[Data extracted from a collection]
· · · ·

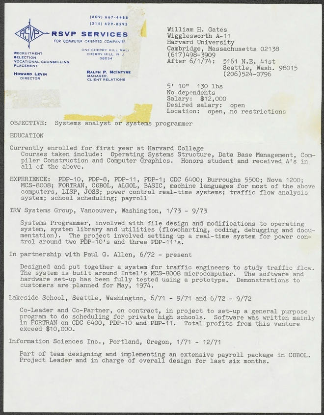 Chiếc CV 50 năm trước của Bill Gates.
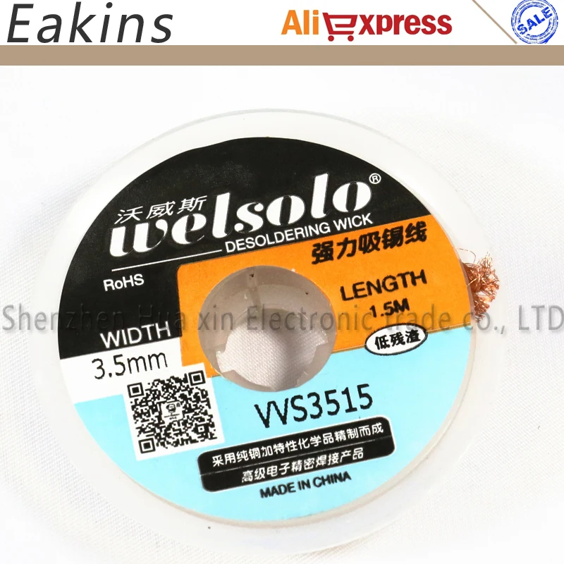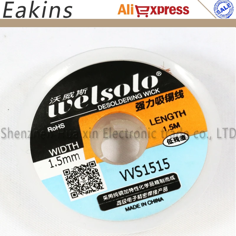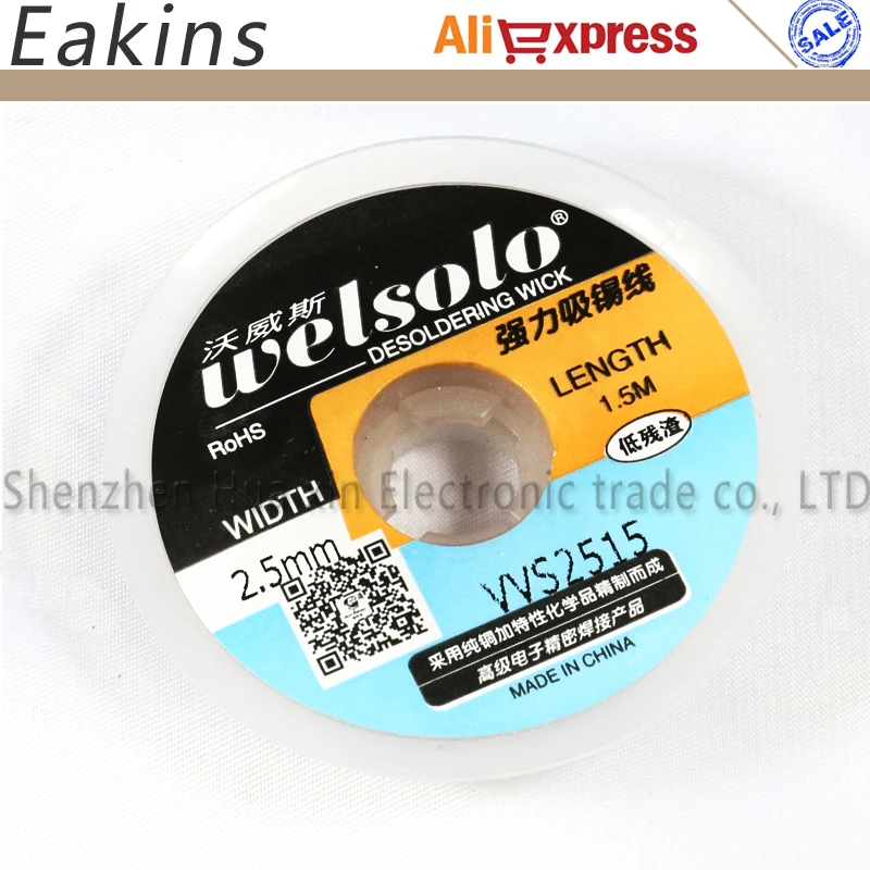 Бесплатная доставка, 5 шт./лот, WELSOLO WS1515, демонтажный фитиль, паяльник, аксессуар для удаления припоя, Мощное всасывание олова
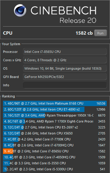 Здесь установлен такой же 14-нанометровый четырехъядерный процессор Intel Core i7-8565U с поддержкой Hyper-Threading, работающий в частотном диапазоне от 1,8 до 4,6 ГГц при максимальном уровне энергопотребления 25 ватт.
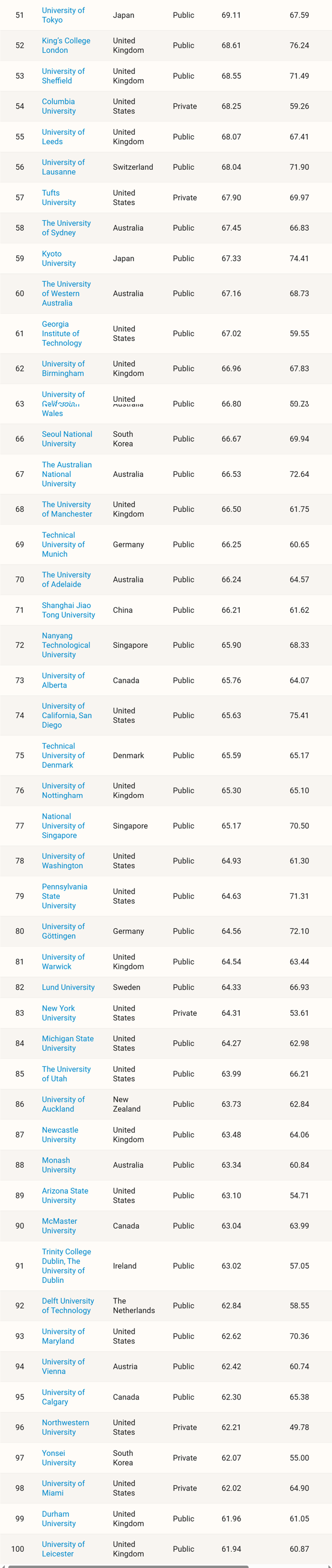 日本东京大学和京都大学进入前100名,分别位列第51名、第59名。
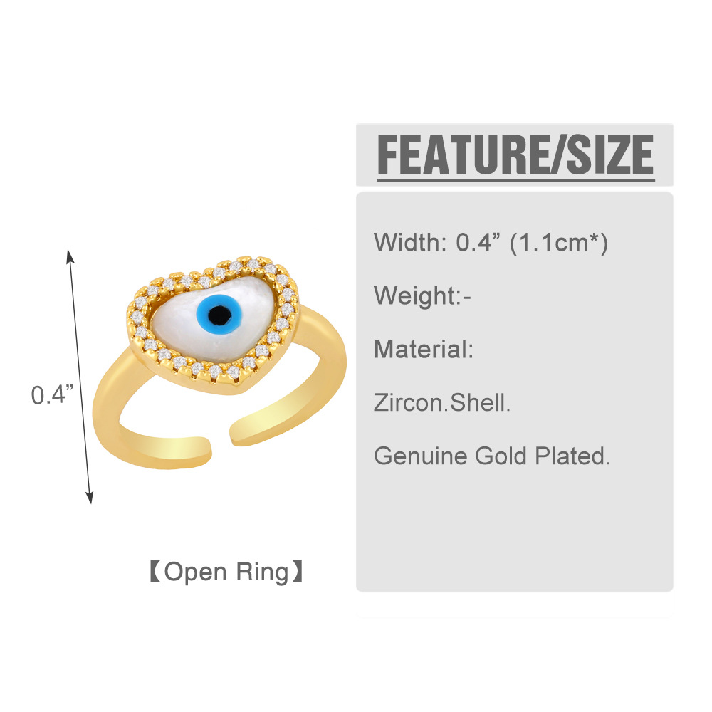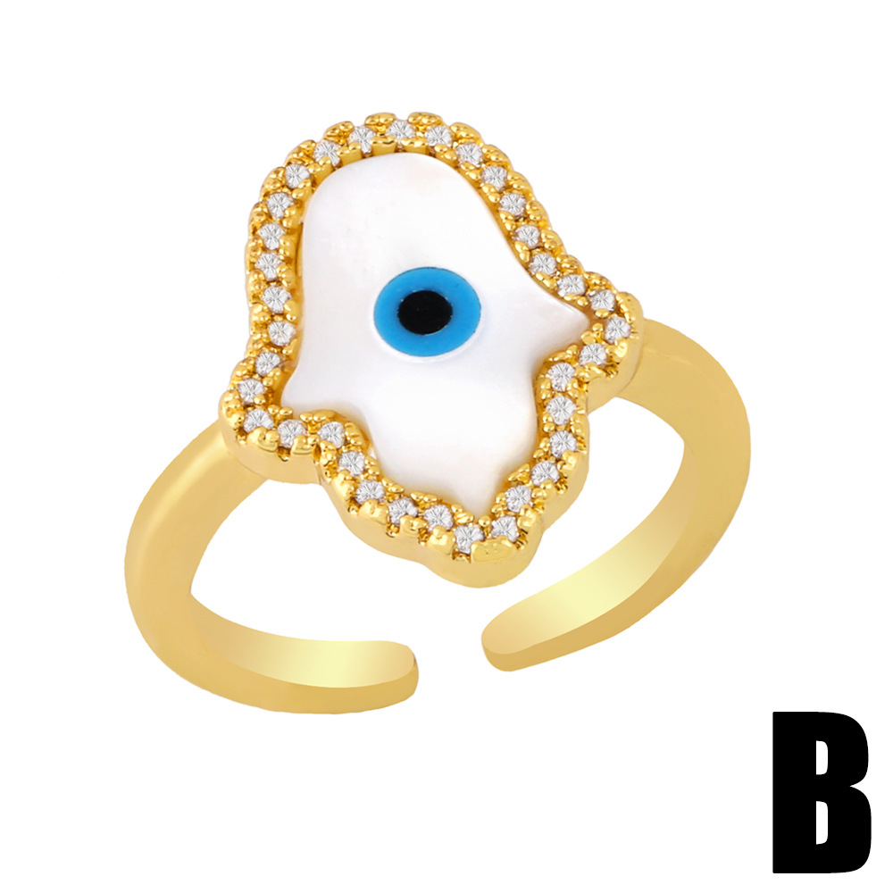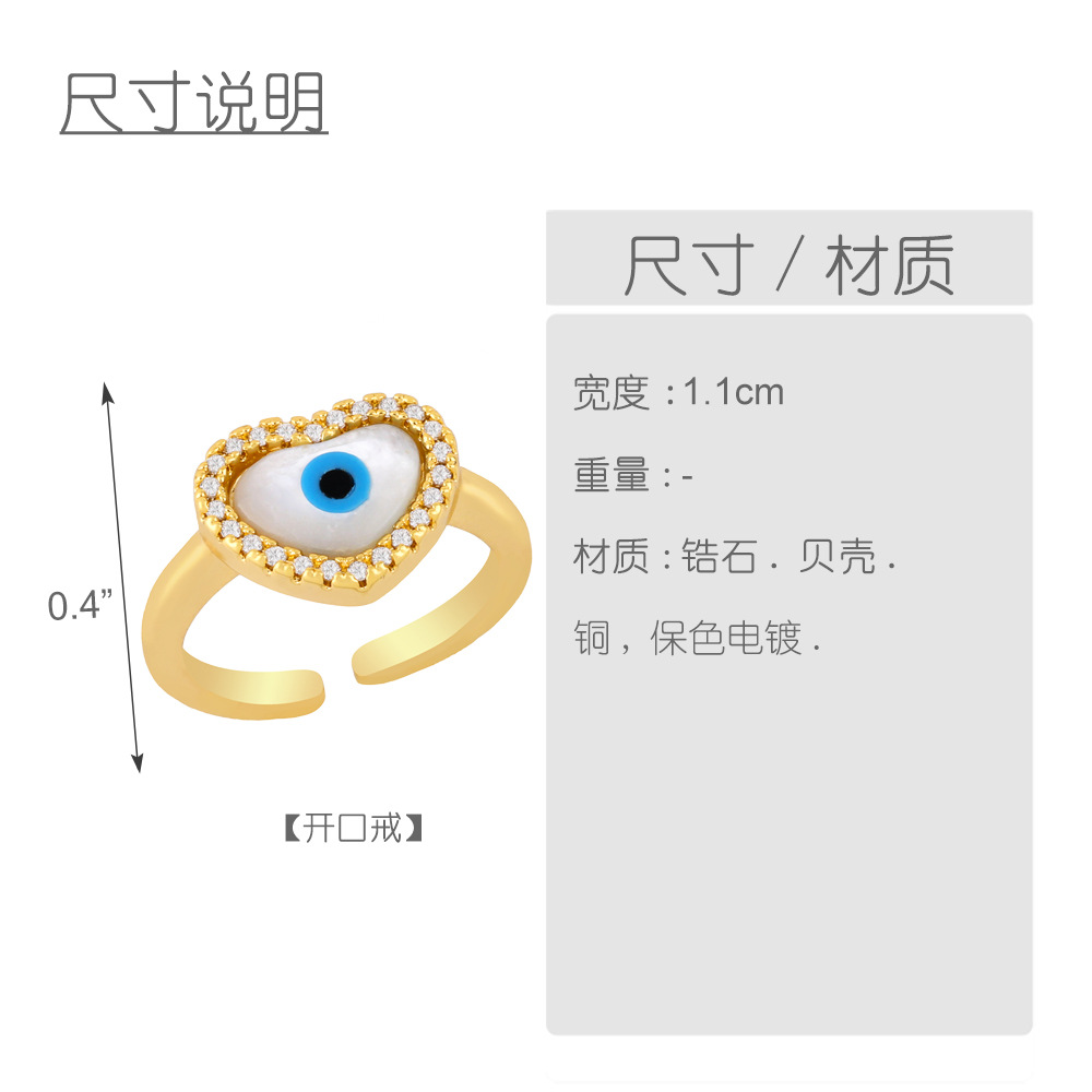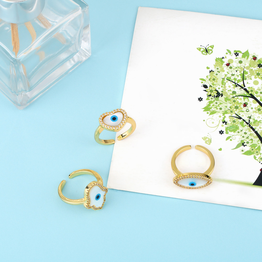 European and American jewelry geometric shell eye ring devil eye zircon open ring rin54

· · · ·

Assigned task: If a picture appears among the records, leave it out, and otherwise reproduce exactly every line from the first line through the one with "Бесплатная доставка, 5", both included.

Result of this exercise:
 Chiếc CV 50 năm trước của Bill Gates.
 Бесплатная доставка, 5 шт./лот, WELSOLO WS1515, демонтажный фитиль, паяльник, аксессуар для удаления припоя, Мощное всасывание олова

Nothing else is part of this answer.